David Tabizel (born January 1965) is an internet and media entrepreneur, who was the co-founder of a number of successful technology startups such as 365 Corporation (Football 365, Rugby 365 etc.), Demon Internet, Autonomy, Rage Software, Durlacher (now Panmure Gordon) and others.

He graduated from the University of East Anglia in 1986 in economics where he now sits on the advisory board and subsequently became a behavioral economist and analyst with a specialism in the economic application of existential psychology to predict trends in industries such as technology, finance and media.

He was also involved in the forming and founding of Metrodome Film in the UK and in Ginger Media's purchase of Virgin Radio in the late 1990s. He also purchased Laughing Stock, Europe's leading comedy record label in the mid-1990s, a company whose artists included Eddie Izzard, Bill Hicks, Peter Cook & Dudley Moore, Rowan Atkinson and Arnold Brown.

Tabizel is credited with writing one of the first books on the Internet in 1991 and also wrote an influential work anticipating the Internet boom of the 1990s in "The Internet an Investment Perspective" (Financial Publications Ltd 1994). Tabizel wrote an exhaustive study of the video games industry in 1993. Three of the companies co-formed by Tabizel, Durlacher, 365 Corporation and Autonomy each achieved stock market capitalizations in excess of $1 billion. Eckoh PLC a spin-off from 365 Corporation is now a London stock market quoted telecoms company.

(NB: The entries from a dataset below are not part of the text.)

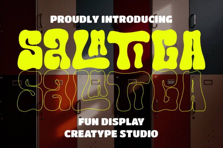 The next free Groovy font recommendation is Salatiga from Fontspace. This bold font looks cute with the super bold and puffy parts at the bottom. While the upper design is a bit slimmer with rounded corners.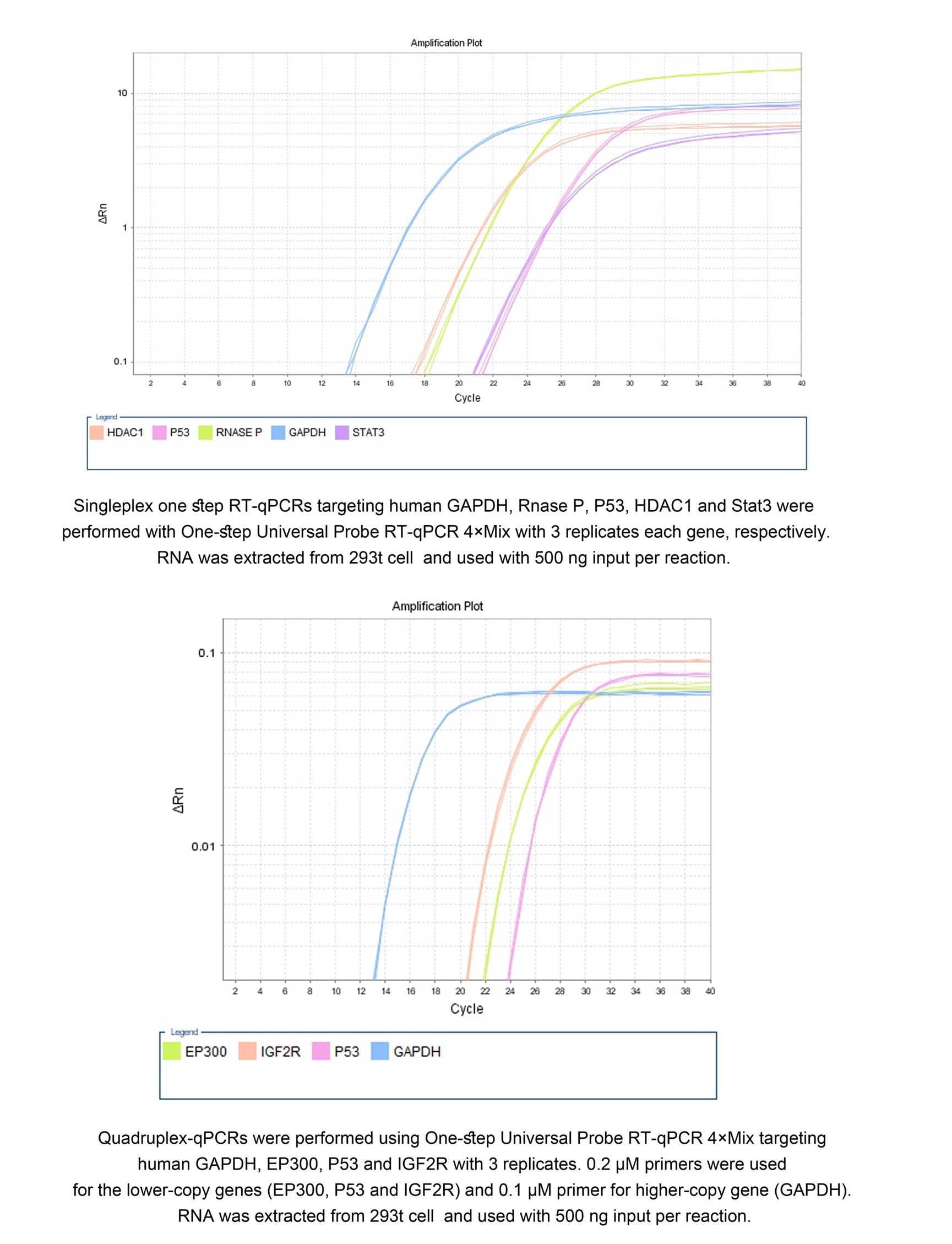 One-step Universal Probe RT-qPCR 4×Mix is a convenient 4× premix, requiring only the addition of primers, probes, and templates. It is easy to operate, compatible with fast protocols, significantly reducing detection time. It provides high accuracy and reproducibility for target gene quantification across a wide dynamic range. This product is suitable for pathogen detection, RNA virus detection, gene expression analysis, and other applications.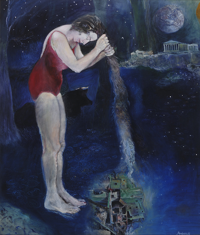 This work feels deeply personal and mythological at once. The figure could represent memory, creation, or renewal. By pouring water into a submerged city, she becomes both destroyer and giver of life — an echo of ancient deities tied to the cycles of nature and emotion. Poniarski’s background in architecture subtly surfaces here: the ruins and structures are rendered with care, as though the artist is both dismantling and rebuilding meaning through paint.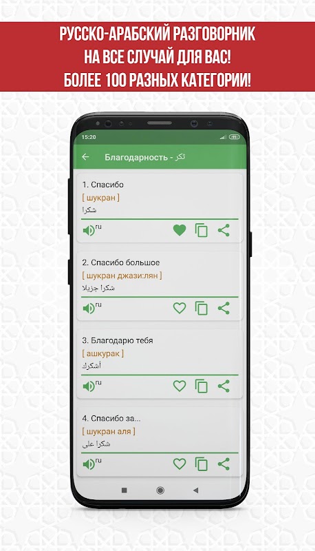 Приложение не только предоставляет доступ к большому и простому в обращении словарю, но и помогает научиться правильно читать арабский текст. В разговорнике вы сможете читать для начало из транскрипции и в дальнейшем сможете читать уже арабский текст. Именно этот подход для начало очень помогает новичкам.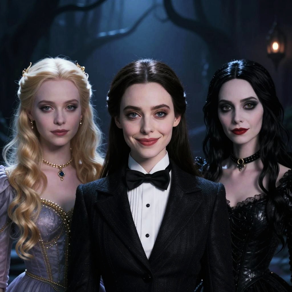 Photograph of three women in Gothic fairy-tale attire: blonde with long curls, central brunette in black tuxedo, and dark-haired woman in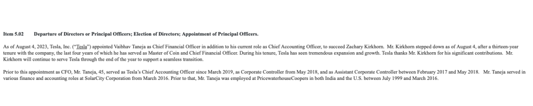 就在昨天,特斯拉递交给监管机构美国SEC的一份文件显示,公司CFO(首席财务官)扎克· 柯克霍恩(Zachary Kirkhorn)于8月4日辞职。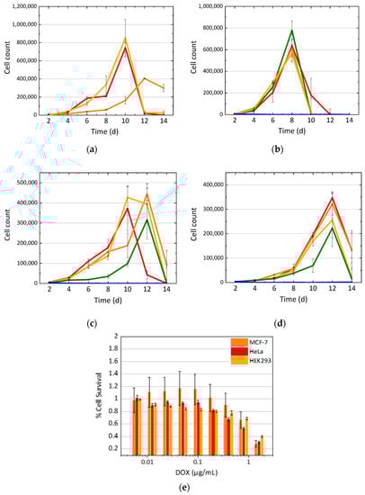 In order to assess the direct effect of chemotherapy drugs on the cell growth rate, we set the baseline and monitored cell growth rate of three different cell types: HeLa cells, a cervical cancer cell line; MCF-7, a breast cancer cell line; and non-cancerous control HEK293 cells, human embryonic kidney cells obtained by transforming primary cells with adenovirus DNA. Each cell type was grown over a period of 14 days, with cells counted every other day (Figure 1a). The control for the experiments in this work provided by the growth analysis of the untreated cells showed HeLa and HEK293 cell growth peaking at day 10, while the MCF-7 cell growth peak was slightly delayed to day 12. The subsequent growth decline was likely due to the overcrowding of the wells and a buildup of waste in the medium. After establishing a control baseline for cell growth, the cytotoxic effect of doxorubicin was further assessed. HEK293, HeLa, and MCF-7 cells treated with doxorubicin at the concentrations 0.05, 0.005, 0.0005, and 0.00005 μg/mL showed varying cell growth levels (Figure 1b–d, respectively). The highest concentration of doxorubicin used (0.05 μg/mL) proved to be too toxic to the cells, resulting in no measurable cell growth in all cell lines tested. In HEK293 cells, all concentrations other than 0.05 μg/mL showed a similar rate of growth, including the cells that had no drug added. HeLa cells showed varying growth rates per concentration, while MCF-7 cells exhibited a decreased growth rate as the concentration of doxorubicin increased. In order to supplement cell growth rate data with bulk cell viability, information of the percent of surviving cells was evaluated with the MTT cell viability assay. This study showed a concentration-dependent decline in cell viability with a calculated coefficient of determination (R2) value of 0.712 for HEK293 cells, 0.955 for MCF-7 cells, and 0.983 for HeLa cells (Figure 1e), thus indicating the proportion of variance in cell death due to doxorubicin toxicity. In the cell growth experiments, the cells were treated and counted for 14 days, while in the cell viability assay, the cells were only treated for 16 h. Therefore, the longer exposure during the cell counting experiments necessitated a lower concentration range than the MTT cell viability assay to avoid total cell death. It was anticipated that DOX treatment would have different effects in different cancer cell lines, in part due to the differences in their replication rates. However, both cancer cell lines exhibited a DOX concentration-dependent cell viability decrease, with a less steep trend seen in the HEK293 cells.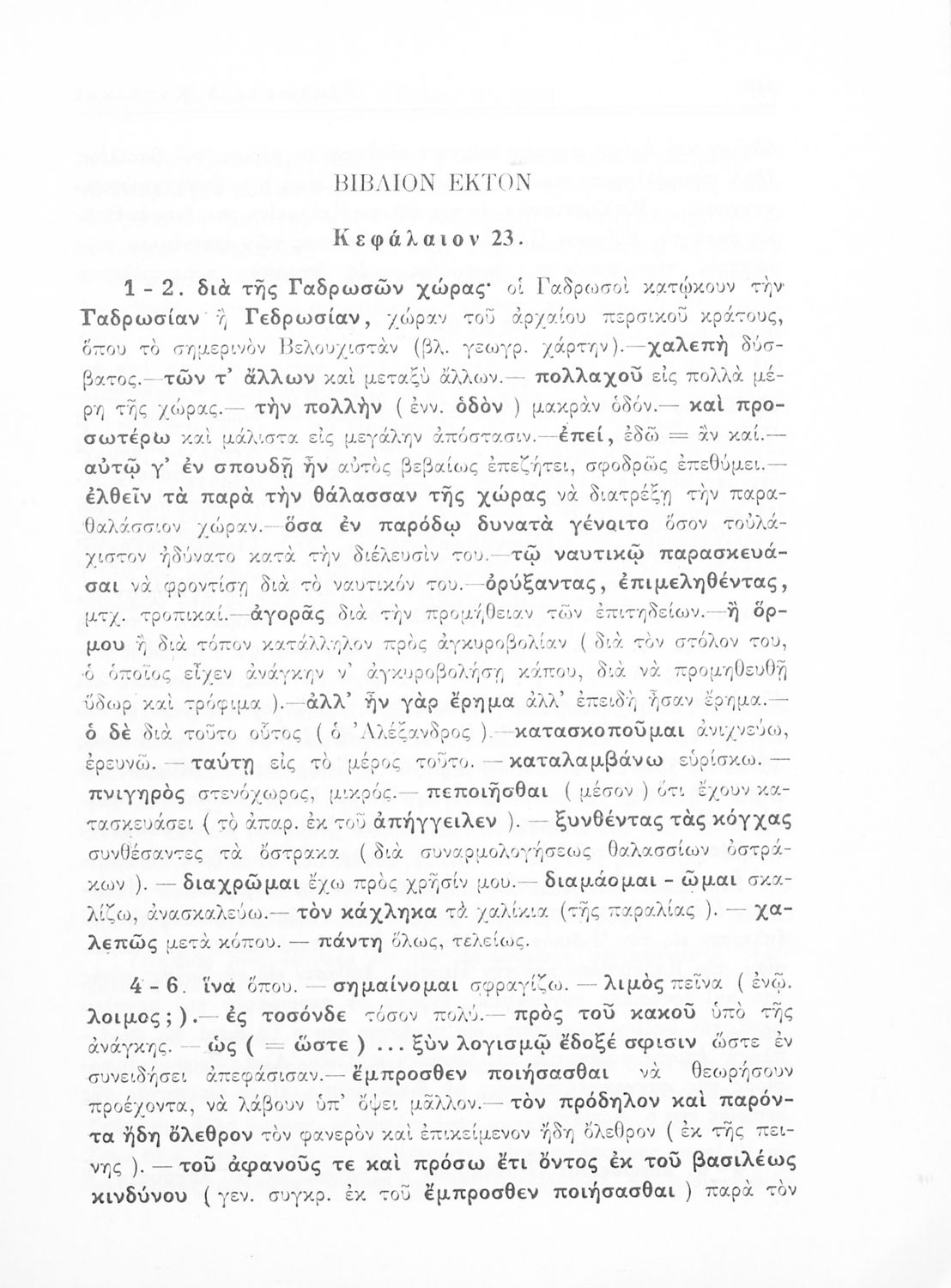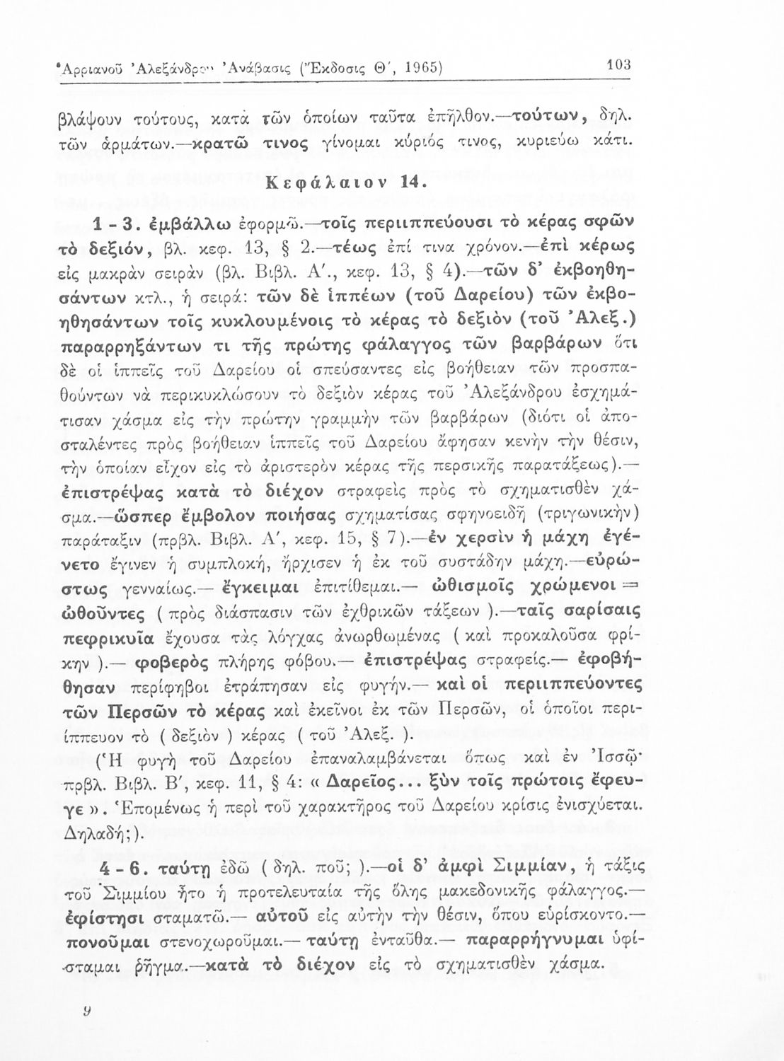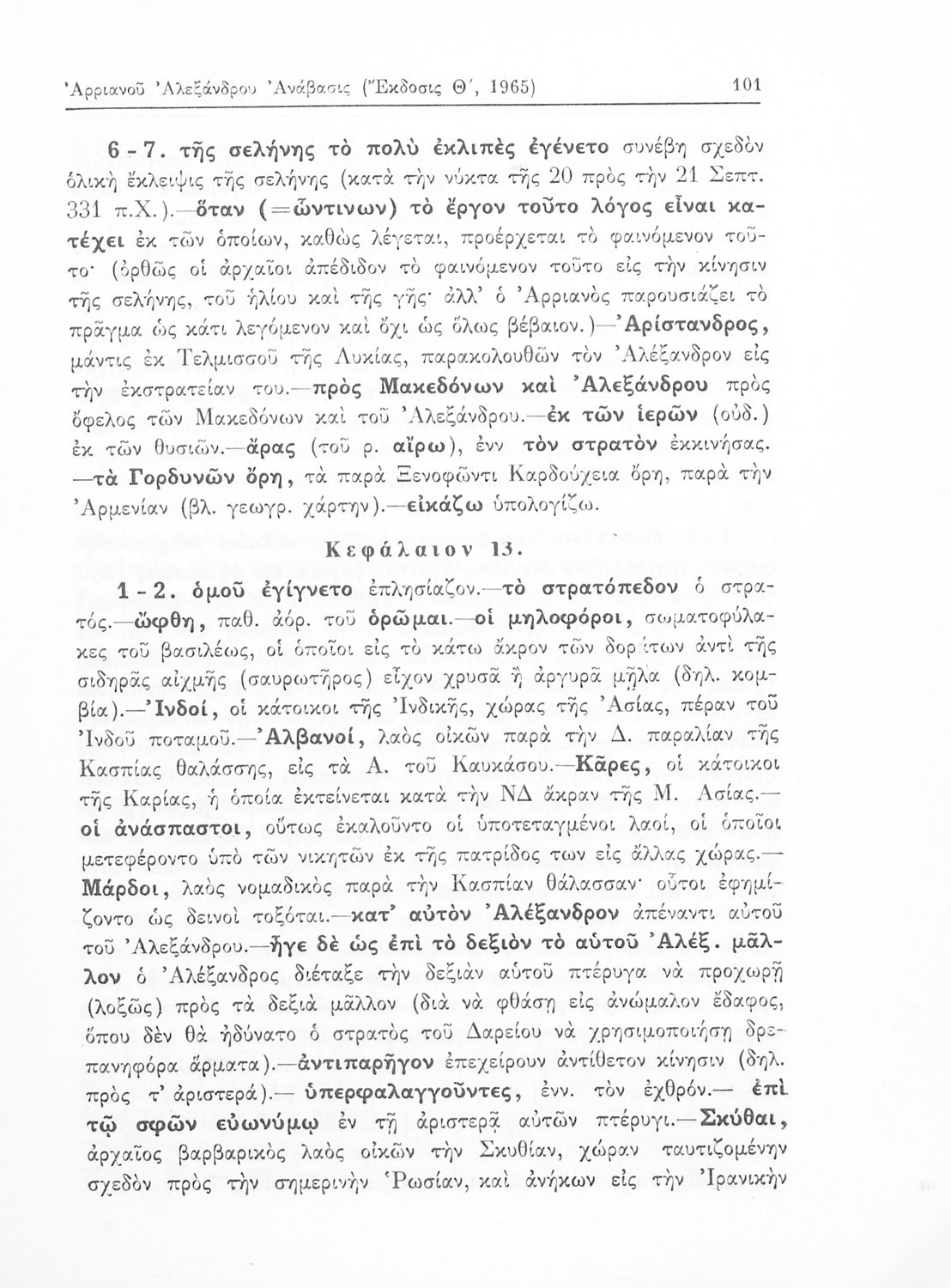 Σχολικό εγχειρίδιο Αρχαίων Ελληνικών που περιλαμβάνει αποσπάσματα από το έργο του Αρριανού Αλέξανδρου Ανάβασις και του Ηρόδοτου Ιστορίαι, ερμηνευτικές και λεξιλογικές παρατηρήσεις καθώς και τοπογραφικούς πίνακες και χάρτες..

Tabizel led the research and corporate finance efforts at Durlacher, creating a technology and media based research driven investment bank with a peak stock market value of approximately $4 billion during the peak of the dotcom boom in 2000 & is now actively involved in researching emerging trends in technology.

He was the founder of VideoJug, the instructional video educational website, which had produced approximately 60,000 original how-to films by June 2010. Videojug specialised in making food films and Tabizel has stated that his next project will involve food technology, TV and media.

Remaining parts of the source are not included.